Senators who will eventually vote on Judge Samuel Alito — and the interest groups which hope to persuade them — are sorting through the legal opinions he's written during his 15 years as a federal judge.

It's likely he would push the court to the right and could even affect some cases now before the court if he's confirmed. But there are some surprises, too, among the views he has expressed in the past.

Wednesday, Alito met more of the senators who will soon judge him, including a cenrist Democrat who found something to like.

"He assured me that he is not bringing a hammer and chisel to hammer away and chisel away on existing law," said Sen. Ben Nelson, D-Neb.

Interest groups on both sides are scouring Alito's hundreds of legal rulings to get a picture of how he'd differ from Sandra Day O'Connor, whose seat he would take.

Legal scholars say Alito bases his rulings on conservative legal principles rather than relying on the facts of individual cases, as O'Connor often does.

"Justice Alito, if he's confirmed, I believe will be more inclined toward general black-and-white legal rules that will be easier to apply in future cases," says appeals court lawyer Mark Levy.

Based on their past rulings, many legal experts say Alito might be more likely than O'Connor to support state restrictions on access to abortion and less inclined to grant new hearings for death row inmates. In recent years, O'Connor has expressed a growing unease with capital punishment.

But Cass Sunstein, a constitutional law expert at the University of Chicago, says Alito would probably part company with the Supreme Court's two most conservative justices on whether the Constitution should be interpreted as its authors understood it.

"He hasn't endorsed the view that Justices Scalia and Thomas have endorsed,” Sunstein says, "which is that the original understanding of the Constitution is binding."

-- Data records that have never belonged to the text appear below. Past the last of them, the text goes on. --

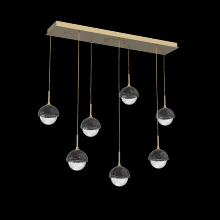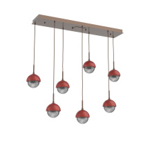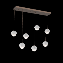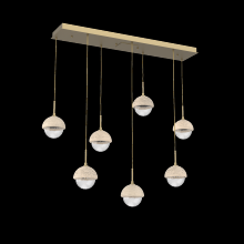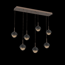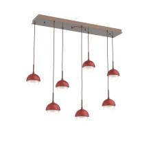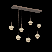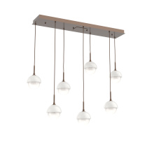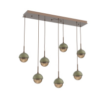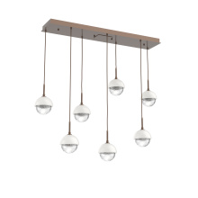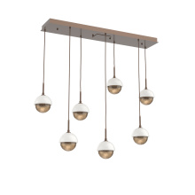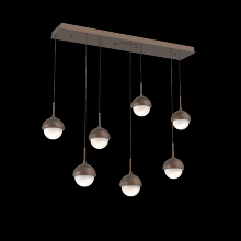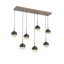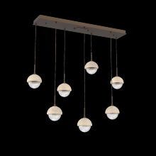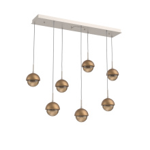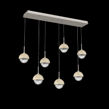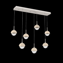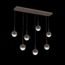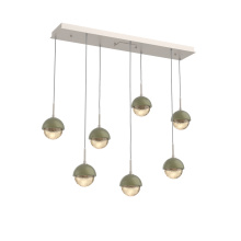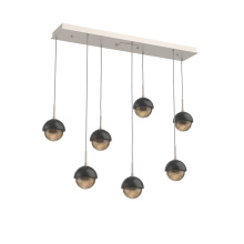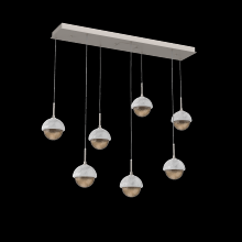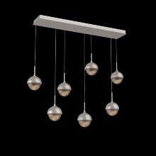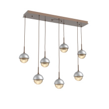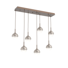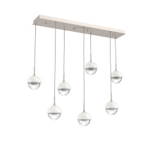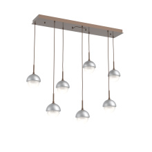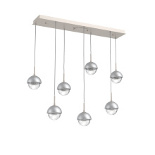 Cabochon 7pc Linear Multi-Pendant-Beige Silver-Clear Glass with Metal Shade-Cloth Braided Cord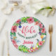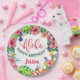 Plaques colorées en papier de fête d'anniversaire d'Aloha avec un Happy Watercolor Tropical Floral Theme avec hibiscus rose vif, feuilles de palmiers tropicaux et oiseaux exotiques. Parfait pour une fête d'été et pour créer une ambiance joyeuse. Vous pouvez modifier le texte à partir du menu Personnaliser. Des produits correspondants sont disponibles.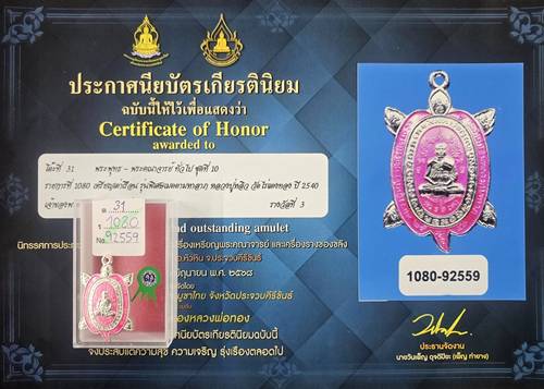 เหรียญเต่าเรือน หลวงปู่หลิว วัดไร่แตงทอง รุ่นพิเศษ เมตตามหาลาภ ปี2540 ติดรางวัลที่3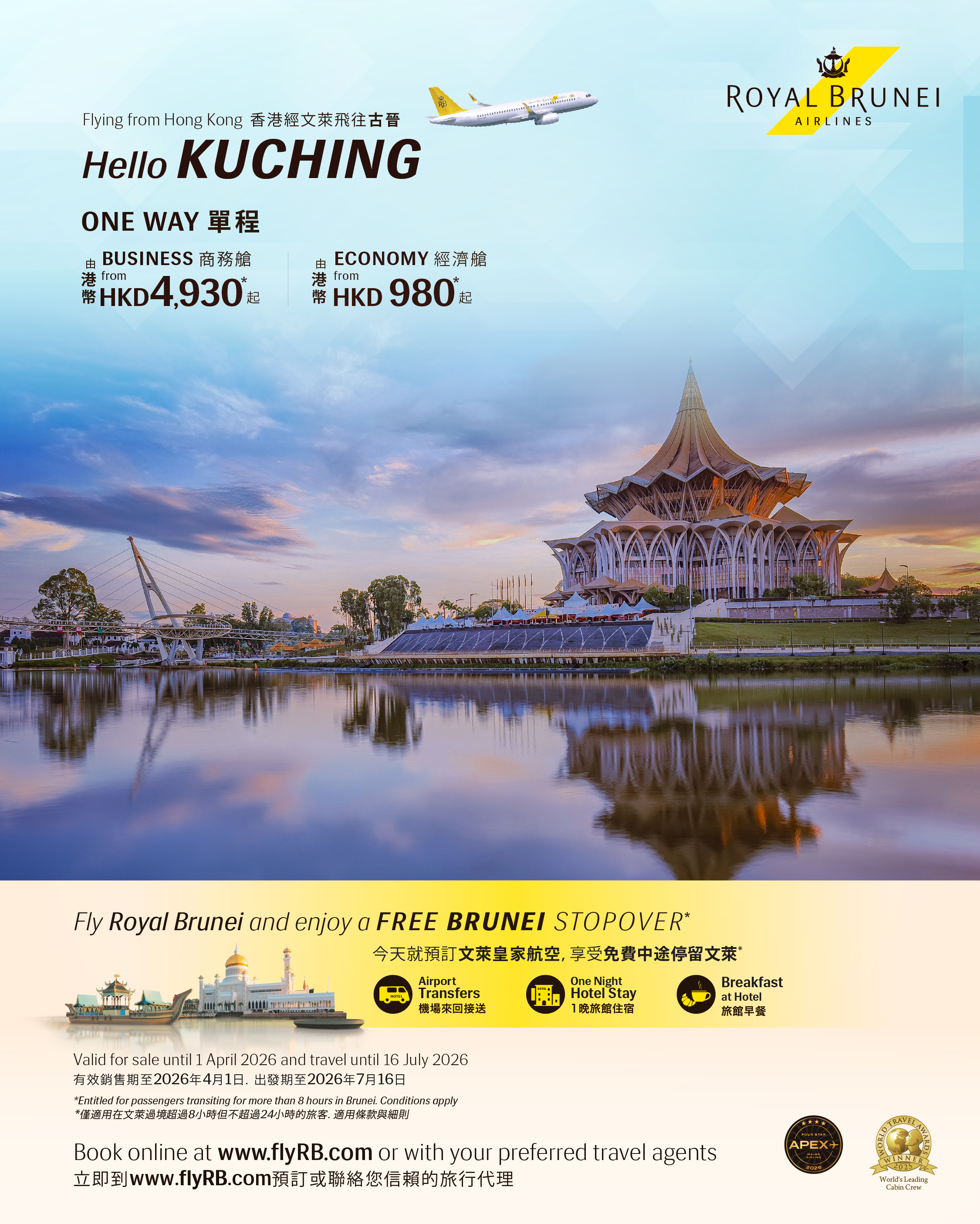 Fly from Hong Kong with Royal Brunei Airlines: ✅ Business Class from HKD 8,630 one-way ✅ Economy Class from HKD 1,680 one-way Plus, enjoy a FREE Brunei Stopover with: ✔ Airport Transfers ✔ One Night Hotel Stay ✔ Breakfast at Hotel 📅 Last Call! Book by 20 January 2026 | Travel 1–31 March 2026 🌐 Book now at [www.flyRB.com](http://www.flyrb.com/) or through your preferred travel agent.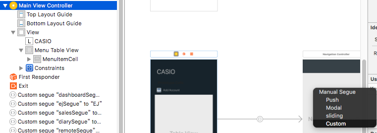 画面跳转必须从Menu画面的ViewController连接到想要跳转的画面,类型选择Custom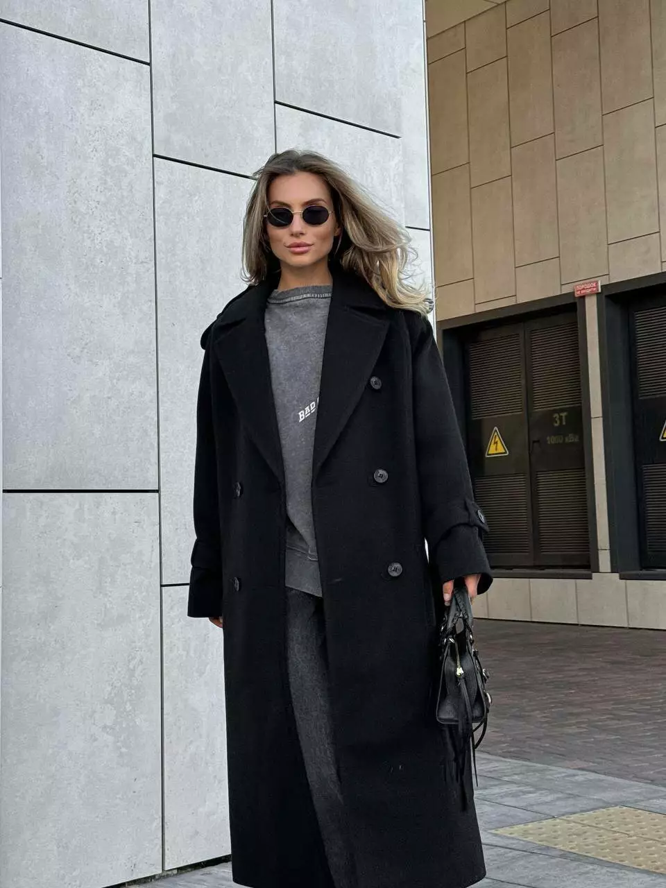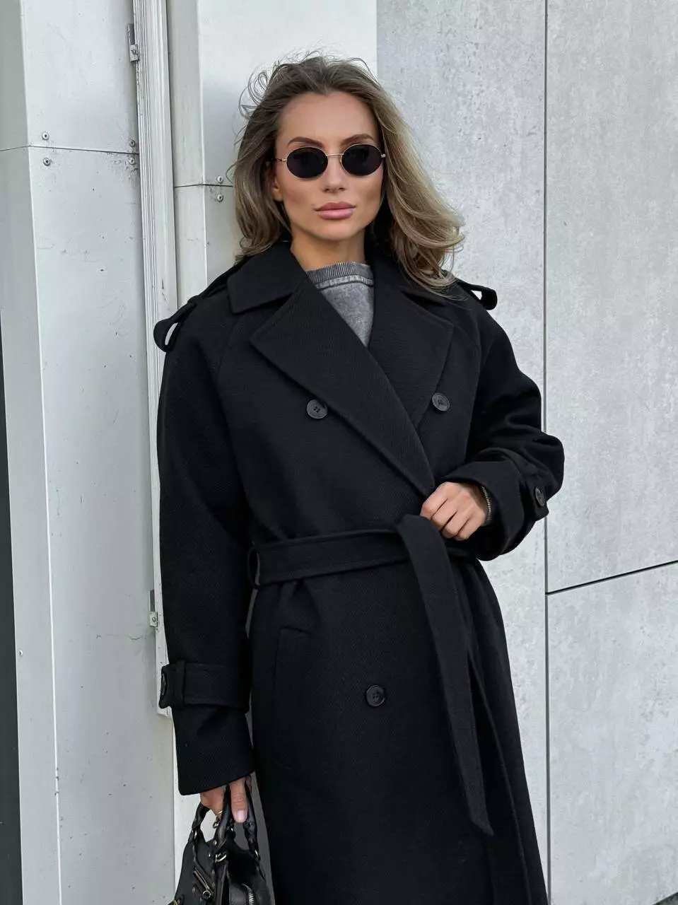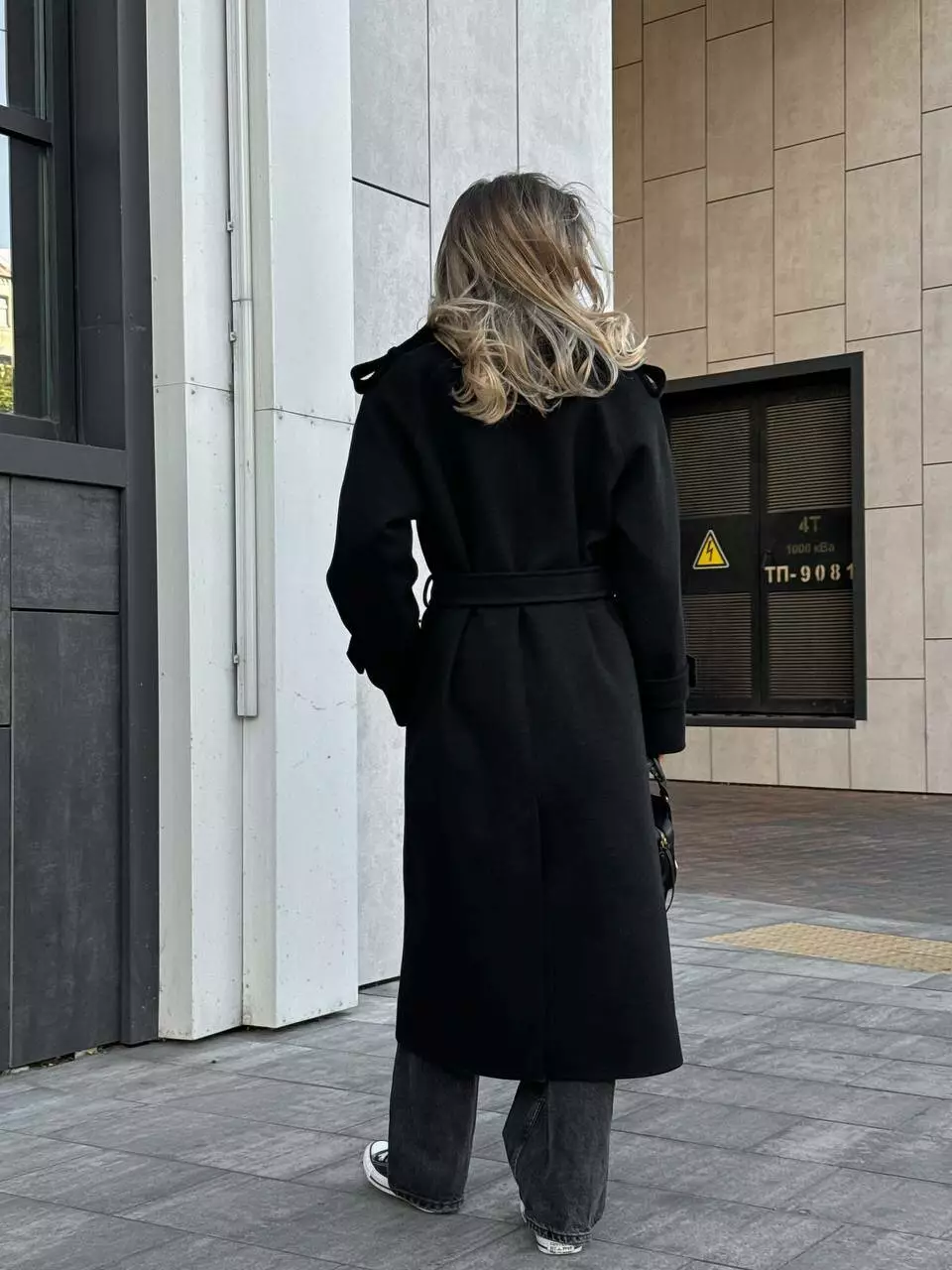 Двобортне оверсайз пальто класичного крою, декороване патами на плечах та рукавах Демісезонне пальто надає трендового об'єму, має 2 діючі кишені та шліцу по спинці внизу Застібається на гудзики, пояс в комплекті

Senators may also ask Alito about a newly discovered paper on privacy that he worked on while at Princeton in 1971. Written by a student group he chaired, it said no private sexual act between consenting adults should be illegal and that discrimination against homosexuals in hiring should be forbidden.

Wednesday, Democrats say there's no question that Alito is qualified, but they want to know if he's in the conservative mainstream and not the far right.